Data Mining
Task 1: Choose one from the following three tasks.
1. Mining association rules over distributed databases
Review the popular association-mining algorithms and propose a new algorithm to mine association
rules over distributed databases.
2. Mining classification over large databases
Review the popular classification-mining algorithms and propose a new algorithm to mine classification
over large databases in order to improve efficiency and scalability.

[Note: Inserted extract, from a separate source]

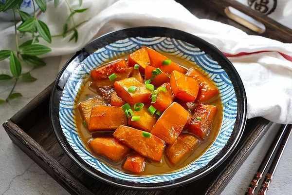 材料:南瓜240克、酱油2茶匙、盐适量、葱花少许

3. Mining clusters over large databases
Review the popular cluster-mining algorithms and propose a new algorithm to mine cluster over large
databases in order to improve performance (e.g. efficiency, scalability, able to deal with noise and
outliers).
(5 written reports Each report should have : An introduction , Description, Evaluation
(Advantages & Disadvantages ) , summary , Conclusion (own review) + new algorithm )
review [8 marks]
proposal [5 marks]
Task 2: A database in .ARFF format has been provided for you on Studynet. Analyse this database
using the WEKA toolkit and tools introduced within this module. Produce a report explaining which tools
you used and why, what results you obtained, and what this tells you about the data. Marks will be
awarded for: variety of tools used, quality of analysis, and interpretation of the results. An extensive
report is not required (at most 4000 words), nor is detailed explanation of the techniques employed, but
any graphs or tables produced should be described and analysed in the text. A reasonable report could
be achieved by doing a thorough analysis using three techniques. An excellent report would use at
least four tools to analyse the dataset, and provide detailed comparisons between the results.
You should perform the following steps:
1. Analyse the attributes in the data, and consider their relative importance with respect to the target
class.
[6 marks]
2. Construct graphs of classification performance against training set size for a range of classifiers
taken from those considered in the module. You may need to experiment with different training sets,
depending on what you have discovered about the data in step (1).
[10 marks]
3. Analyse the data structure/representation generated by at least three classifiers when trained on the
complete dataset. What does your analysis tell you about the data set?
[7 marks]
4. Combine the results from the previous three steps and all your classifiers to develop a model of why
instances fall into particular classes. (Your answer to this question should be understandable by
someone who is not a specialist in data mining.)
[4 marks]
[Total 40 marks]